What this task involves:
Exact copy, no pictures: return only the lines below from the line with "品米車載bluetooth MP3 PD" up to and including the line with "Although not every".

Supplied entries:
****************************************

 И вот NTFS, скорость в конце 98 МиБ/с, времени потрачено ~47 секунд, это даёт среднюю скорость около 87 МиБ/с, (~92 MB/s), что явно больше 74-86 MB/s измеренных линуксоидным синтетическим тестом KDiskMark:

****************************************

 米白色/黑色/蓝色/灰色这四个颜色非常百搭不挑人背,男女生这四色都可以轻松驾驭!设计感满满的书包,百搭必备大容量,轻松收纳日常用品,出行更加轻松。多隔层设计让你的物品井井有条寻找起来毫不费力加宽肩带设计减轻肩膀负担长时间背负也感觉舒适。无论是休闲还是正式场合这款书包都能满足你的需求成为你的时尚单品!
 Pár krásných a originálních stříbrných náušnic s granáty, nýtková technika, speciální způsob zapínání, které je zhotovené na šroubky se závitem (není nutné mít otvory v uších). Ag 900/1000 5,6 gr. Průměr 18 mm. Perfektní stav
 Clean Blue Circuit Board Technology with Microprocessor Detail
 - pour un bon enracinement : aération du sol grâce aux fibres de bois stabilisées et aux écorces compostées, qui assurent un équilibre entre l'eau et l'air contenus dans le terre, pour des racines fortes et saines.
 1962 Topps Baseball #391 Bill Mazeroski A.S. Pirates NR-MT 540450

****************************************

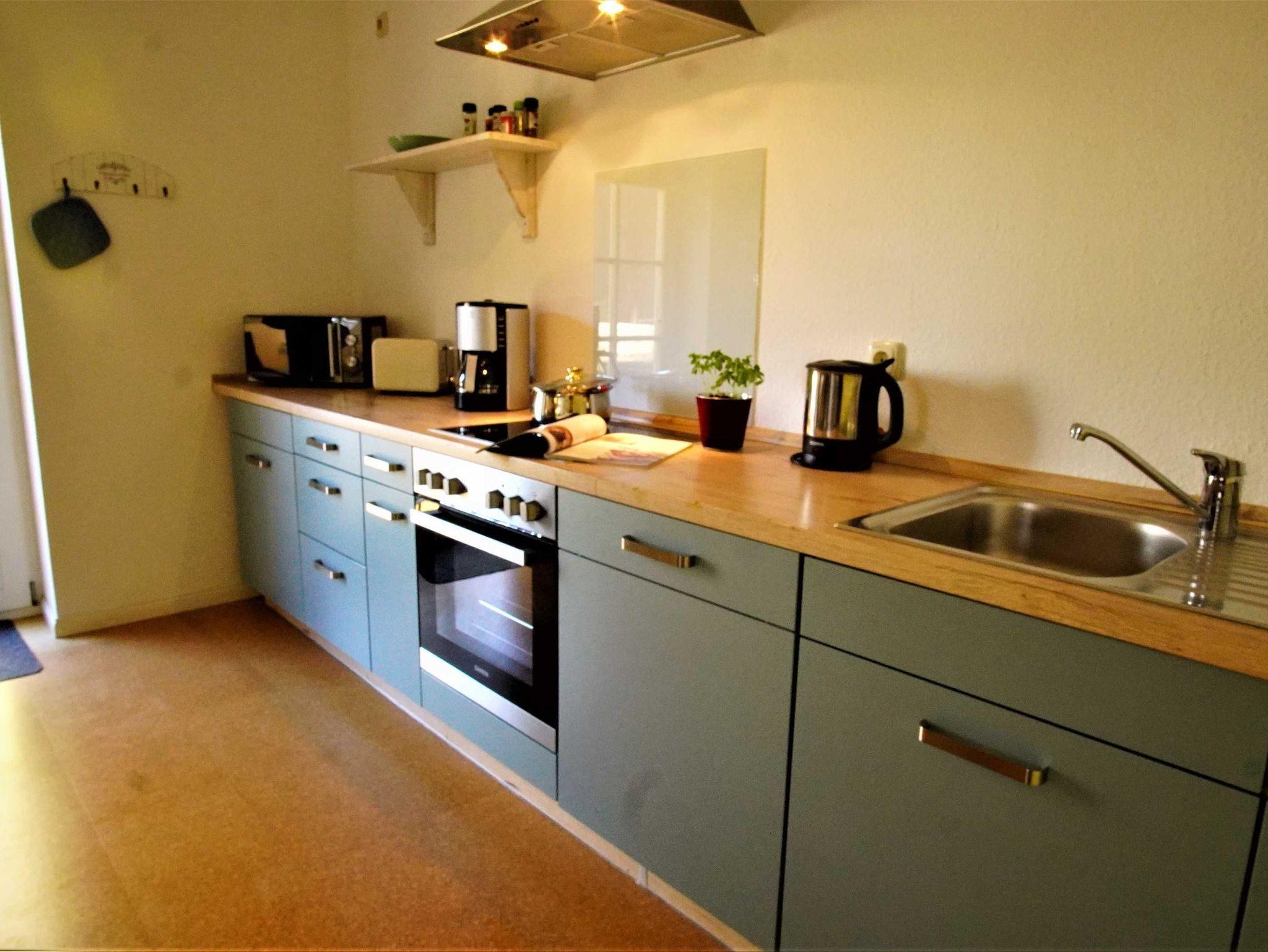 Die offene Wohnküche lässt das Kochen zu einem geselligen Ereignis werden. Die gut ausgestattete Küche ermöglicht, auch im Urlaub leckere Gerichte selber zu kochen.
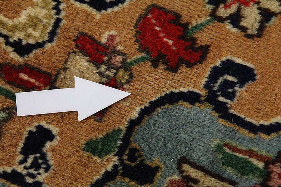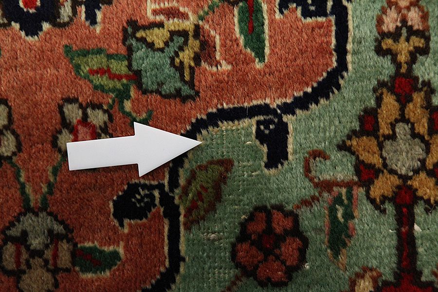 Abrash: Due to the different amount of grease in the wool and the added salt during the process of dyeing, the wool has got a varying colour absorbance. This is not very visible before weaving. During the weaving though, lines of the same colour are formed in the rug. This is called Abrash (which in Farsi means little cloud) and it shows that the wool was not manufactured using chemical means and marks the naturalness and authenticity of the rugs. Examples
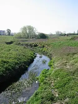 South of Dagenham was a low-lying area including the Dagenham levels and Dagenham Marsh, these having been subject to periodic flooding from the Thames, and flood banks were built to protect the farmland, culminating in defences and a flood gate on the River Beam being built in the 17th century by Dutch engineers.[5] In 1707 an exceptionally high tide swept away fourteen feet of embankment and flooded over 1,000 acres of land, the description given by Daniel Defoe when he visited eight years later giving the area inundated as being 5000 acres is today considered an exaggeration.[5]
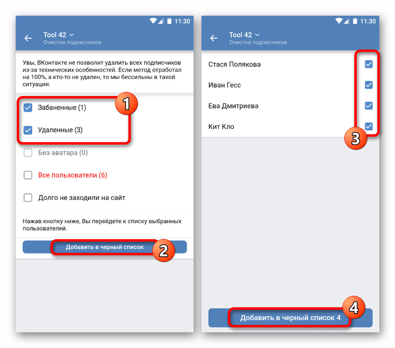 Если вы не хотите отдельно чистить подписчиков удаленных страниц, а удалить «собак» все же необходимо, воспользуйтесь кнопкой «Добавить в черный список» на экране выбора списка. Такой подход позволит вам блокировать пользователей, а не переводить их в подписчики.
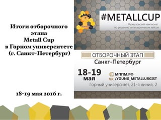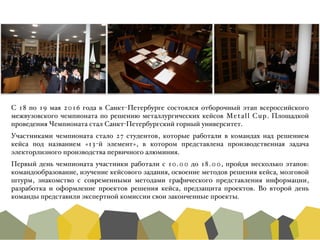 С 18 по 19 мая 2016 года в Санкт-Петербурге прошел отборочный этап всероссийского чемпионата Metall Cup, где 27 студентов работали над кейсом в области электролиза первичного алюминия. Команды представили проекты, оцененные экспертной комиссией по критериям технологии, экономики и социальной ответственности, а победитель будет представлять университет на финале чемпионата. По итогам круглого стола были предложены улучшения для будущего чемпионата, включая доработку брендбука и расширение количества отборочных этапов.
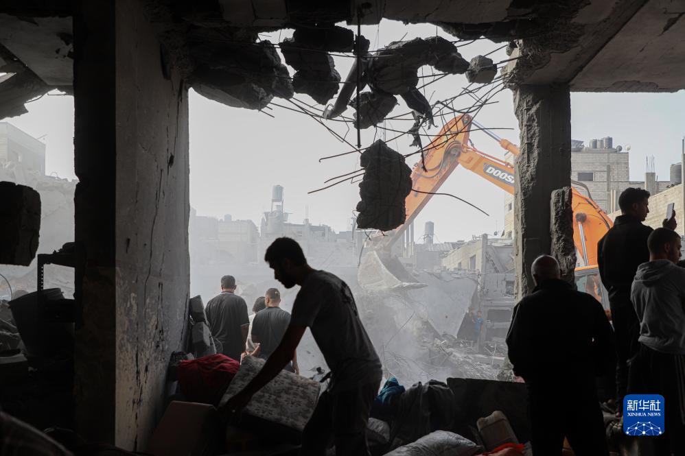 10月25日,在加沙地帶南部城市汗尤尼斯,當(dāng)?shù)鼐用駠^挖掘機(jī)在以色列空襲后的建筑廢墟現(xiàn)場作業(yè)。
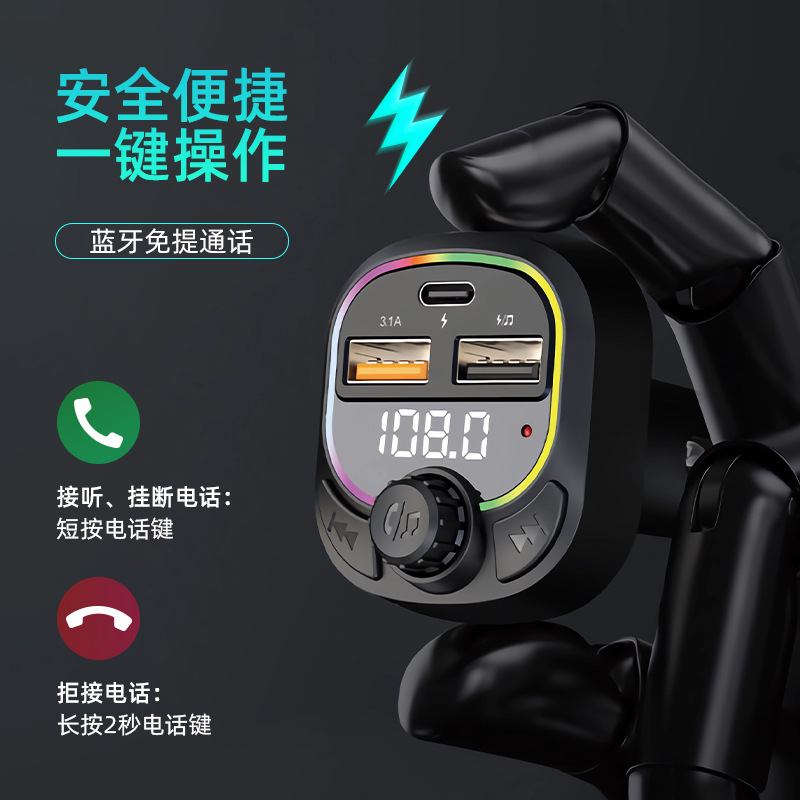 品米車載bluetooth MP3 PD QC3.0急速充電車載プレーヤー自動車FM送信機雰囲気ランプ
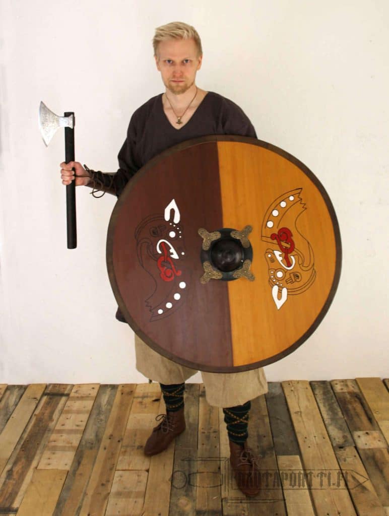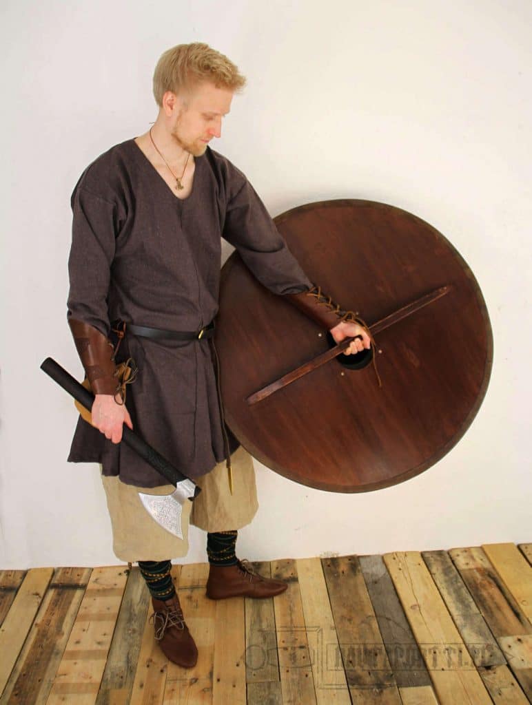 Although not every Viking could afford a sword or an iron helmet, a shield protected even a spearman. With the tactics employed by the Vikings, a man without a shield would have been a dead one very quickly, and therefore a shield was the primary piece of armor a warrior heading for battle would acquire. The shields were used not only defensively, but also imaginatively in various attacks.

****************************************

Answer to this problem:
 品米車載bluetooth MP3 PD QC3.0急速充電車載プレーヤー自動車FM送信機雰囲気ランプ
 Although not every Viking could afford a sword or an iron helmet, a shield protected even a spearman. With the tactics employed by the Vikings, a man without a shield would have been a dead one very quickly, and therefore a shield was the primary piece of armor a warrior heading for battle would acquire. The shields were used not only defensively, but also imaginatively in various attacks.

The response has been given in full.